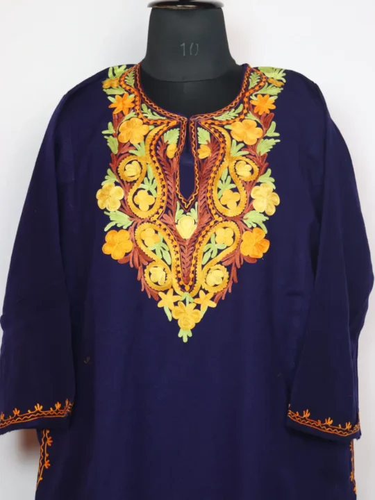 Designed from cashmilon wool for cold seasons, this Kashmiri faran appears in midnight blue colour. Its aari embroidery in badam patterns adorns the neckline.
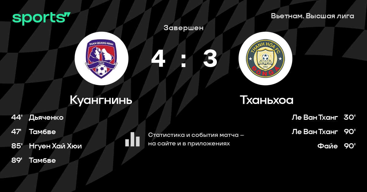 | 2 | Тханьхоа | 26 | 13 | 9 | 4 | 44 | 29 | +15 | 48 | ||
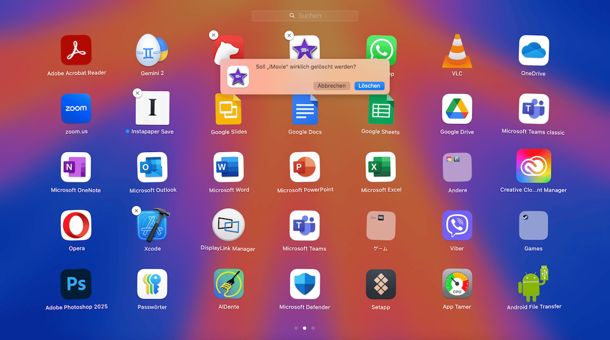 Wir löschen Programme am liebsten über Launchpad, da dies einfach am meisten Spaß macht. Klicken Sie im Dock auf Launchpad. Halten Sie die ctrl-Taste gedrückt und klicken Sie auf ein beliebiges App-Symbol, bis alle Symbole zu wackeln beginnen. Oben an den Symbolen wird [X] angezeigt – klicken Sie darauf, um die entsprechende App zu löschen.
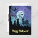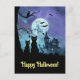 A cute Happy Halloween postcard of spooky black cats, bats, owl and a haunted house.
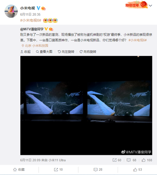 На страничке подразделения Xiaomi, занимающегося выпуском телевизоров, появилась заметка главного менеджера Xiaomi TV Пан Джуна (Pan Jun), в которой он рассказал о слепом тестировании новинок департамента. На фото на экранах телевизоров запечатлен финальный сезон местного телесериала, а сам топ-менеджер рассказал, что «производительность новинок Xiaomi приятно удивила». Под производительностью здесь, скорее всего, понимается качество изображения – и оно должно быть не хуже, чем у конкурентов.
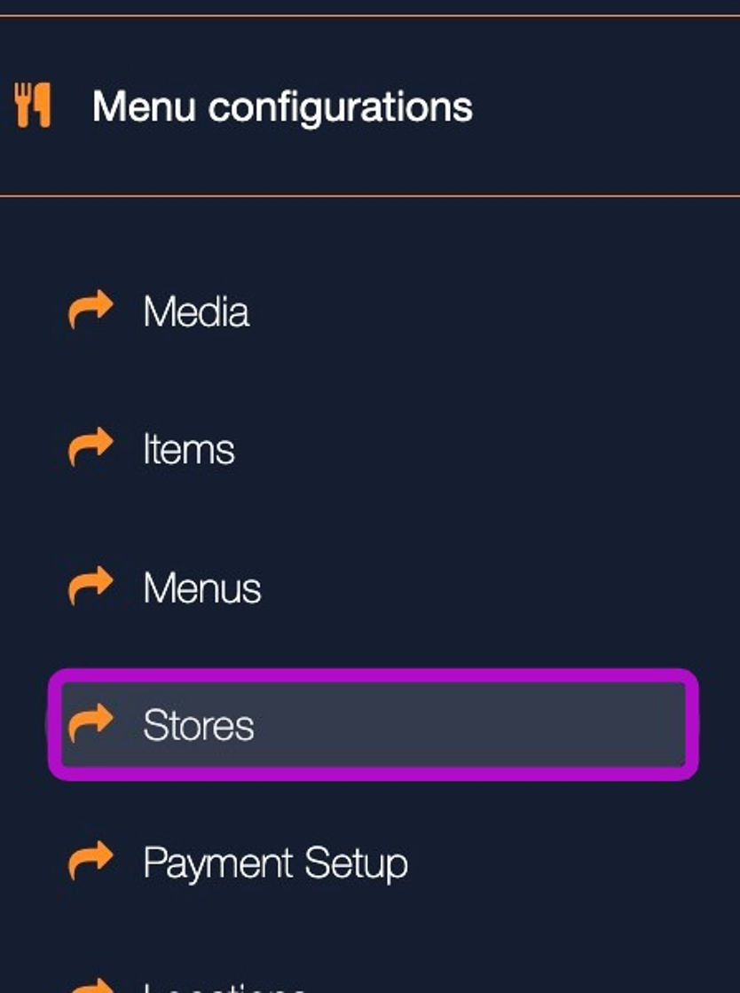 10. Navigate to "Stores" under "Menu configurations" in the sidebar

- [TO DO] Every line from the top of the material above through the line with "A cute Happy" should be duplicated exactly, please; leave out the pictures.

- [TASK RESPONSE]
 Designed from cashmilon wool for cold seasons, this Kashmiri faran appears in midnight blue colour. Its aari embroidery in badam patterns adorns the neckline.
 | 2 | Тханьхоа | 26 | 13 | 9 | 4 | 44 | 29 | +15 | 48 | ||
 Wir löschen Programme am liebsten über Launchpad, da dies einfach am meisten Spaß macht. Klicken Sie im Dock auf Launchpad. Halten Sie die ctrl-Taste gedrückt und klicken Sie auf ein beliebiges App-Symbol, bis alle Symbole zu wackeln beginnen. Oben an den Symbolen wird [X] angezeigt – klicken Sie darauf, um die entsprechende App zu löschen.
 A cute Happy Halloween postcard of spooky black cats, bats, owl and a haunted house.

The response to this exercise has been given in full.